Are you planning to release this as open source? If not, do you have a rough idea for how you plan to commercial license this tech?
by ConanRus on 4/28/25, 4:13 PM
> the program is compiled to a CPython Bytecode and then compiled again to PyXL assembly. It is then linked together and a binary is generated.
why are we not doing this for a standard python? i think LLVM is just for that, no?
by jay-barronville on 4/28/25, 4:18 PM
This type of project is why I love HN. This work is brilliant!
Almost every question I had, you already answered in the comments. The only one remaining at the moment: How long exactly have you been working on PyXL?
by startupsfail on 4/28/25, 4:57 PM
Nice, next step could be rolling out that bytecode compiler in Python, so it’s self-contained. And a port to some LLM-on-silicon, so we could have it executing Python as the inference goes :-P
by freeone3000 on 4/28/25, 12:38 PM
This is amazing! Is the “microcode” compiled to final native on the host or the coprocessor?
I’m guessing due to the lack of JIT, it’s executed on the host?

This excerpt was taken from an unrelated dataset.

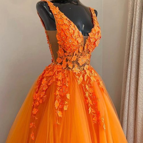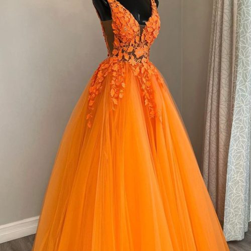 This Orange V-Neck Lace Long Prom Dresses, A-Line Evening Party Dresses is perfect for any formal event. The A-Line design combined with the floor-length silhouette creates an elegant timeless look. Its orange shade is perfect for making a statement. Perfect for prom or a special occasion. Product DetailSilhouette:A-LineMaterial:Tulle, LaceWaist: NaturalBack Details:ZipperLength: Floor LengthLining: Fully LinedBuilt-In…

by two_handfuls on 4/28/25, 3:40 PM
This is a one-person project? I'm impressed!
by zoobab on 4/28/25, 6:43 PM
To reflash ch32v003 chips, I need to create bits of 250ns, so with 480ns it's not enough. Is there a way to make it faster?
by gadys on 4/28/25, 12:18 PM
Look impressive How does this compare to pypy?
by warble on 4/28/25, 5:11 PM
Wow, these FPGAs are not cheap. Don't they also have a couple of ARM cores attached on the SOC?
by davidkwast on 4/28/25, 12:48 PM
Wow. Congratz
by vrighter on 4/30/25, 12:20 PM
you created a custom processor and made a compiler for it. The source language happens to be python, but the generated bytecode is not what executes eon the cpu. A custom ISA is not the python bytecode
by yeahwhatever10 on 4/28/25, 4:51 PM
How are you simulating the designs for the FPGA? Are you paying for ModelSim?
by globalnode on 4/28/25, 11:37 PM
Great idea and frankly I'm surprised it hasn't been done before. Probably because you would have to sell an awful lot of them to make $. But there would definitely be a market I think. For example if they were cheap, say much cheaper than a Pi, I'd go for something like this over a full Linux machine for dedicated projects. But then how would you do complex things like interfacing to cameras and leveraging encoders etc? Or is this sort of device just not for that type of project.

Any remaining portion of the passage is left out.